19.3
Describe the relationship between proto-oncogenes and oncogenes. Explain how mutations in proto-oncogenes like p53 and the Ras gene can lead to cancer in humans
The genetic changes that convert proto-oncogenes to oncogenes are movement of DNA within a genome, amplification of a proto-oncogene, and point mutations in the control element or in the proto-oncogene itself. Cancer cells usually contain chromosomes that have broken and rejoined incorrectly, translocating fragments from one chromosome to another. If a translocated proto-oncogene ends up near a very active promoter or other control element, its transcription increases, making it an oncogene. Movement of transposable elements may place a very active promoter near a proto-oncogene, increasing its expression. Amplification increases the number of copies of the proto-oncogene. Point mutations can occur in the promoter or enhancer that controls the proto-oncogene, increasing its expression.

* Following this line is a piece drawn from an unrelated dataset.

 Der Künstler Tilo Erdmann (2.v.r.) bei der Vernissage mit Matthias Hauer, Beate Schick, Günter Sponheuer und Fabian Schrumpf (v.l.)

Point mutations can also occur in the coding sequence, changing the gene's product to a protein that is more active or more resistant to destruction than a normal protein. The Ras gene is apart of the cell cycle stimulating pathway, which produces a protein that stimulates the cell cycle. This pathway is triggered by a growth factor that binds to its receptor in the plasma membrane. The signal is then relayed to Ras. Ras passes the signal to a series of protein kinases. The last kinase activates a transcription activator that turns on genes to stimulate the cell cycle. If a mutation makes Ras or any other pathway component abnormally active, excessive cell division and cancer will occur. The p53 gene is a part of the cell cycle inhibiting pathway, which produces a protein that inhibits the cell cycle. DNA damage is an intracellular signal that is passed by protein kinases to activate p53. Activated p53 promotes transcription of the gene for a protein that inhibits the cell cycle. Inhibition of the cell cycle ensures that the damaged DNA is not replicated. Mutations causing deficiencies in any pathway components can cause cancer.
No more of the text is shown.